Listed entries:
====================

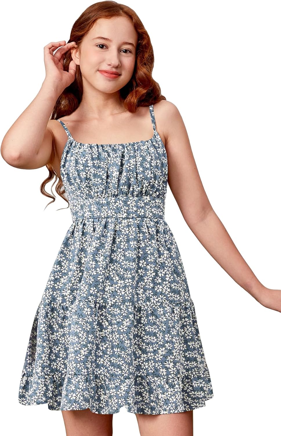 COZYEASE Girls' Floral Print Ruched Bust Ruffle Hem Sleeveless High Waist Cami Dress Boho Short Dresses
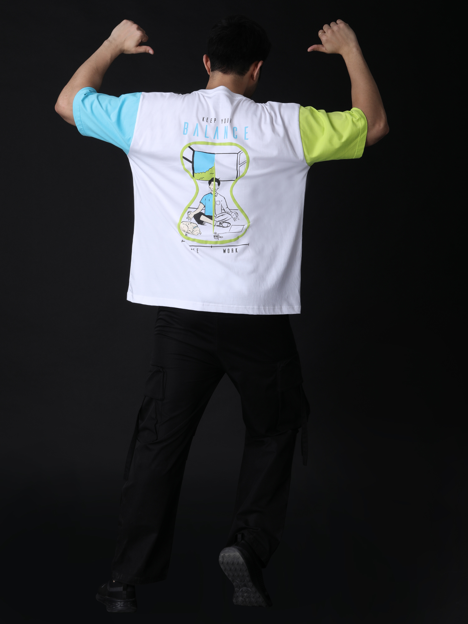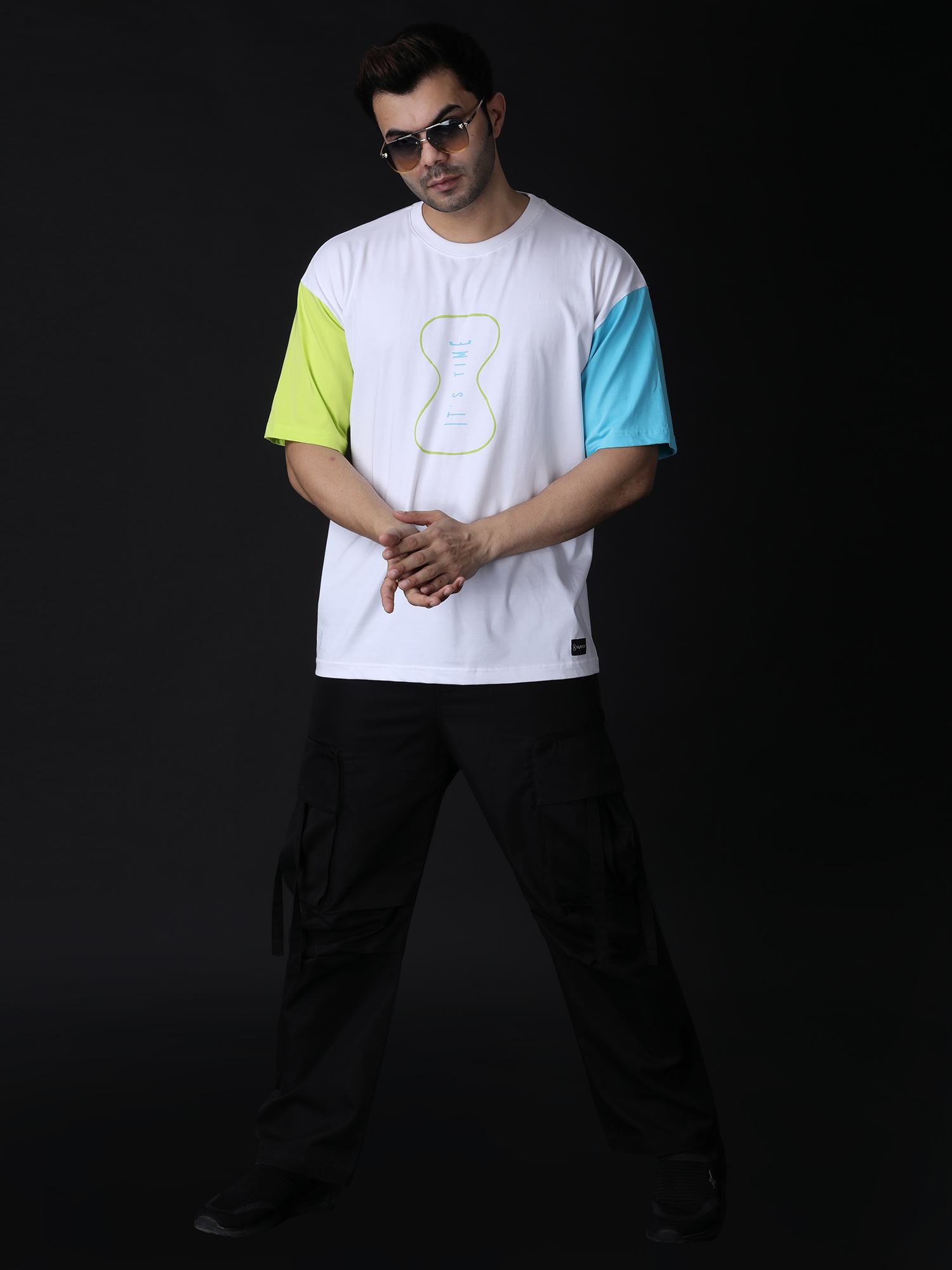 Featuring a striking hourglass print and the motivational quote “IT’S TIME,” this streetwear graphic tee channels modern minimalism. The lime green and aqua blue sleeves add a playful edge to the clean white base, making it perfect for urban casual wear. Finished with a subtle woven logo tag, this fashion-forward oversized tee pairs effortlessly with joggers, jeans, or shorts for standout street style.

====================

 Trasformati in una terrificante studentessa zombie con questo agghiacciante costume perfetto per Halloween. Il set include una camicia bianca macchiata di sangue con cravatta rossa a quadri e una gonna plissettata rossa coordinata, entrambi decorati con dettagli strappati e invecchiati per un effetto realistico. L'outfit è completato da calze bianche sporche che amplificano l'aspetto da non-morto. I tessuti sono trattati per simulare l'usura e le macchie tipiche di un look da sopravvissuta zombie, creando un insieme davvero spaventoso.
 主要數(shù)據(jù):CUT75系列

====================

Problem requirements:
Take the material above and output only the lines from the one that contains "COZYEASE Girls' Floral" through the one that contains "Featuring a striking", ends included and images left out.

Result of this task:
 COZYEASE Girls' Floral Print Ruched Bust Ruffle Hem Sleeveless High Waist Cami Dress Boho Short Dresses
 Featuring a striking hourglass print and the motivational quote “IT’S TIME,” this streetwear graphic tee channels modern minimalism. The lime green and aqua blue sleeves add a playful edge to the clean white base, making it perfect for urban casual wear. Finished with a subtle woven logo tag, this fashion-forward oversized tee pairs effortlessly with joggers, jeans, or shorts for standout street style.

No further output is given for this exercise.